Exercise brief
Once you find the line with "Επιτραπέζιο Ψηφιακό Ρολόι" in the listing below, please repeat it and every later line exactly, through the last one, without pictures.

Material provided
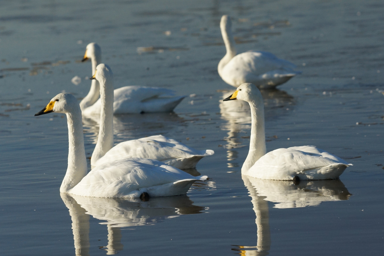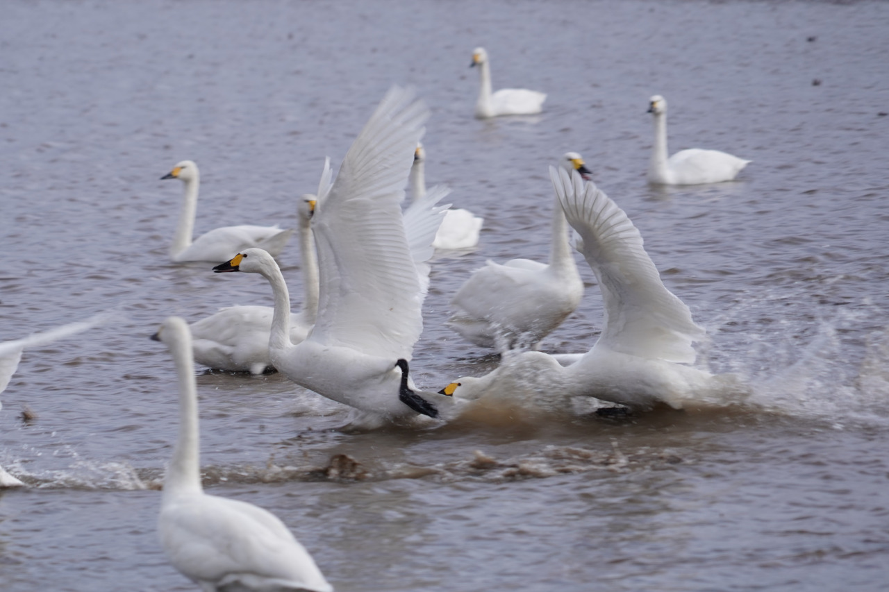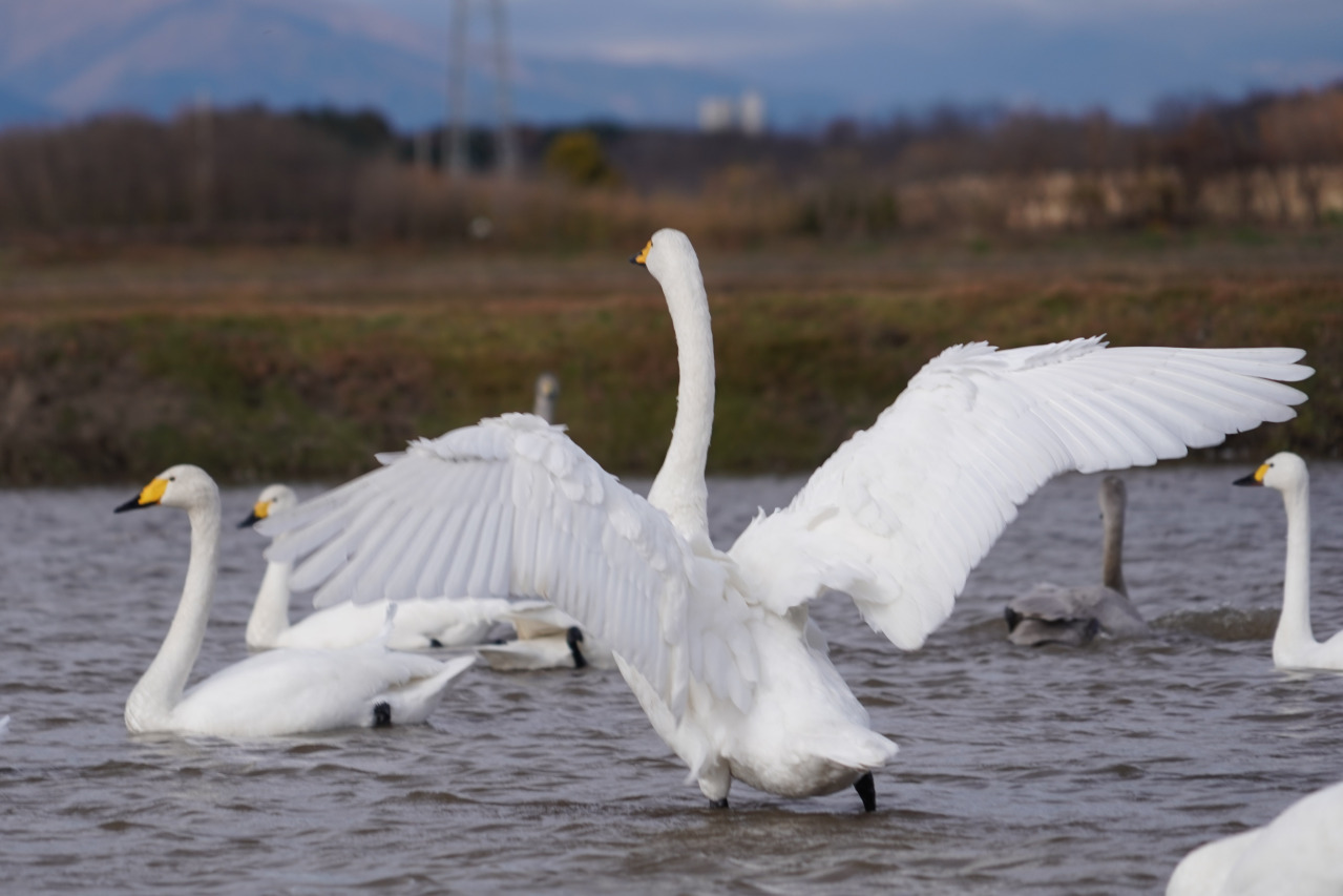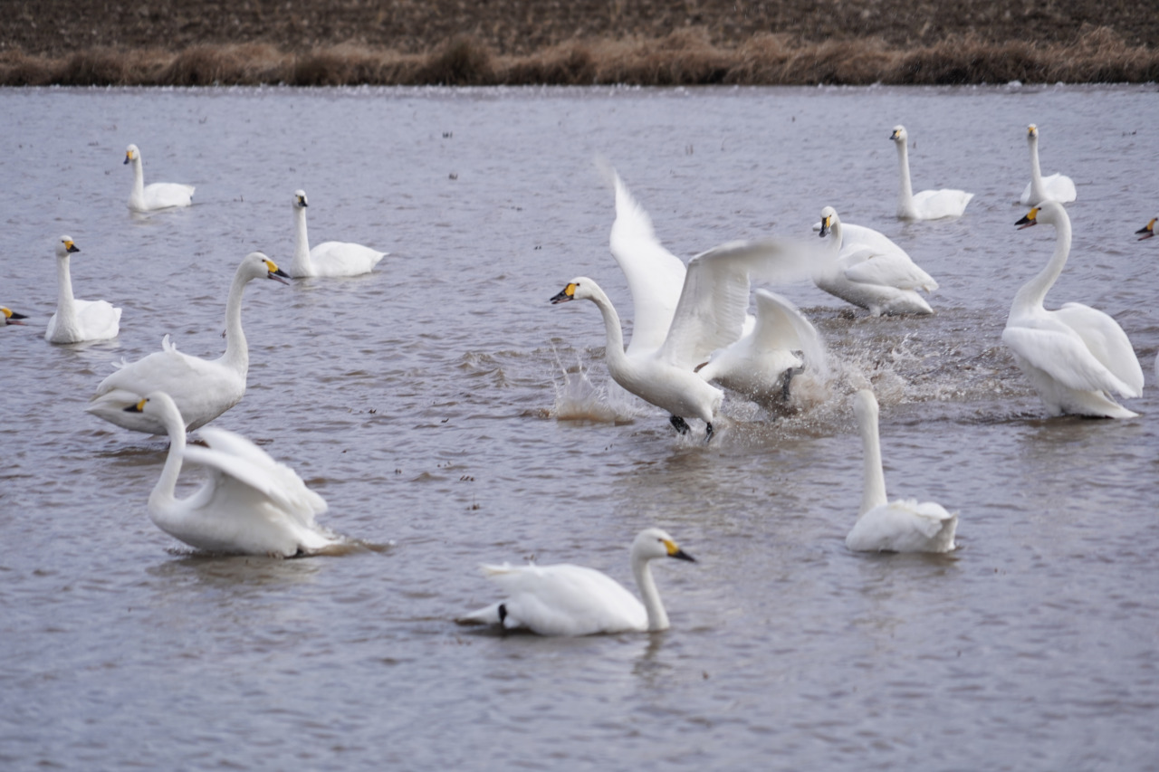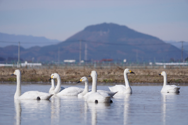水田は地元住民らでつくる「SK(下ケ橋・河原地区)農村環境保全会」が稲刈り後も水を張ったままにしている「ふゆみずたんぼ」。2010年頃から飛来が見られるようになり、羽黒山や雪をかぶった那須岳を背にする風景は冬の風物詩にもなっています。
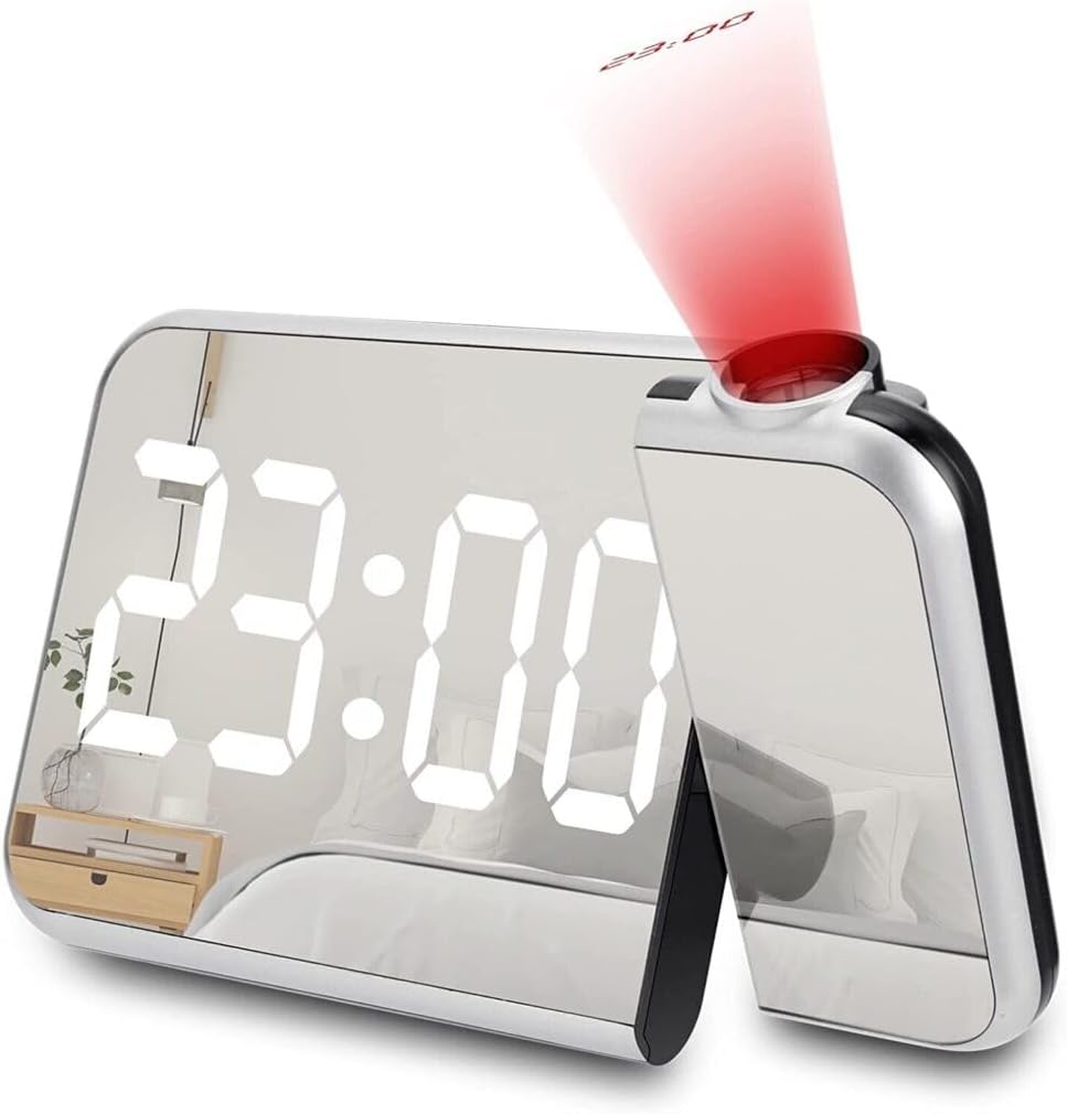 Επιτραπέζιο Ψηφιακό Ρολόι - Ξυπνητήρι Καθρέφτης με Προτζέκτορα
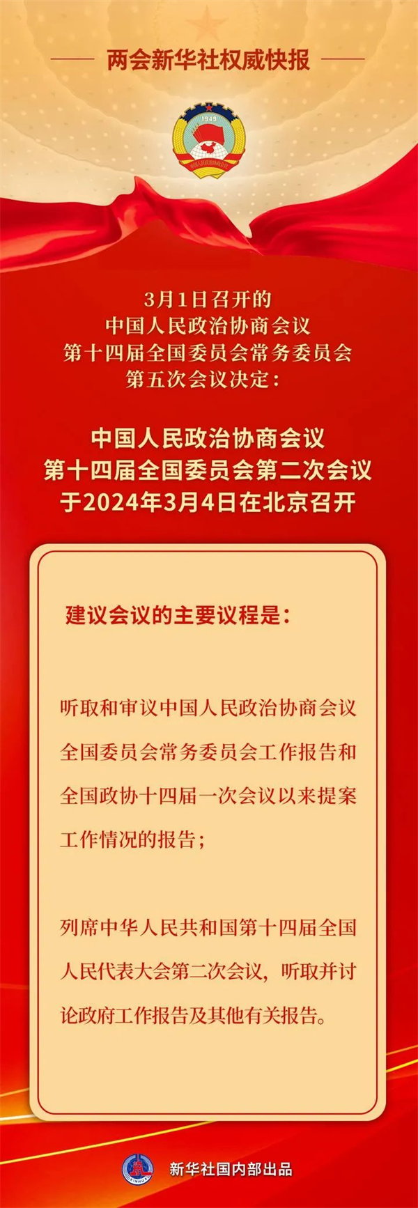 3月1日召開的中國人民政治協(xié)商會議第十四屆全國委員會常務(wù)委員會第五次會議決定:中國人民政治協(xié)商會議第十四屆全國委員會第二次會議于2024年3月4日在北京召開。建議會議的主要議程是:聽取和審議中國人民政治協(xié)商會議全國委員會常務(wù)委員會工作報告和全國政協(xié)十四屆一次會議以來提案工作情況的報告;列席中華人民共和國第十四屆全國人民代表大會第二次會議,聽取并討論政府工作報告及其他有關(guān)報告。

Written answer
 Επιτραπέζιο Ψηφιακό Ρολόι - Ξυπνητήρι Καθρέφτης με Προτζέκτορα
 3月1日召開的中國人民政治協(xié)商會議第十四屆全國委員會常務(wù)委員會第五次會議決定:中國人民政治協(xié)商會議第十四屆全國委員會第二次會議于2024年3月4日在北京召開。建議會議的主要議程是:聽取和審議中國人民政治協(xié)商會議全國委員會常務(wù)委員會工作報告和全國政協(xié)十四屆一次會議以來提案工作情況的報告;列席中華人民共和國第十四屆全國人民代表大會第二次會議,聽取并討論政府工作報告及其他有關(guān)報告。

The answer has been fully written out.